■ WHAT YOU NEED TO DO
Word for word, please copy the listing below, with its pictures left out.

■ DATASET SECTION
------------------------------------

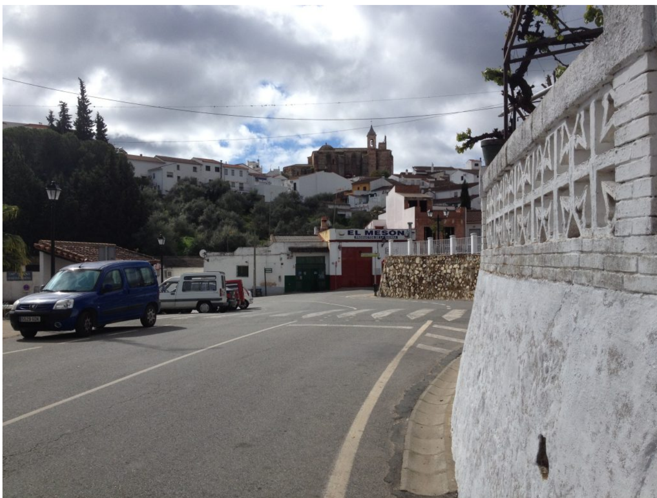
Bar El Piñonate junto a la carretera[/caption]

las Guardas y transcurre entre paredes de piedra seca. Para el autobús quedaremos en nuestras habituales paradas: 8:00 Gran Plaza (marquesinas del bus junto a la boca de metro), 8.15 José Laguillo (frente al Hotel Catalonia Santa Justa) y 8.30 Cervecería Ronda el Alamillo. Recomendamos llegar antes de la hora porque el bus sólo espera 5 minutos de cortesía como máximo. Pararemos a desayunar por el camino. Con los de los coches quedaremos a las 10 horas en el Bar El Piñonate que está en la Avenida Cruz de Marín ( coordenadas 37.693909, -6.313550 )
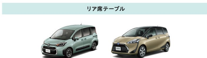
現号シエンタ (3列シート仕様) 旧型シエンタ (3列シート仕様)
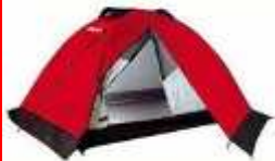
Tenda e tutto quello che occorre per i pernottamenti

------------------------------------

■ RESULT OF THE EXERCISE
Bar El Piñonate junto a la carretera[/caption]

las Guardas y transcurre entre paredes de piedra seca. Para el autobús quedaremos en nuestras habituales paradas: 8:00 Gran Plaza (marquesinas del bus junto a la boca de metro), 8.15 José Laguillo (frente al Hotel Catalonia Santa Justa) y 8.30 Cervecería Ronda el Alamillo. Recomendamos llegar antes de la hora porque el bus sólo espera 5 minutos de cortesía como máximo. Pararemos a desayunar por el camino. Con los de los coches quedaremos a las 10 horas en el Bar El Piñonate que está en la Avenida Cruz de Marín ( coordenadas 37.693909, -6.313550 )
現号シエンタ (3列シート仕様) 旧型シエンタ (3列シート仕様)
Tenda e tutto quello che occorre per i pernottamenti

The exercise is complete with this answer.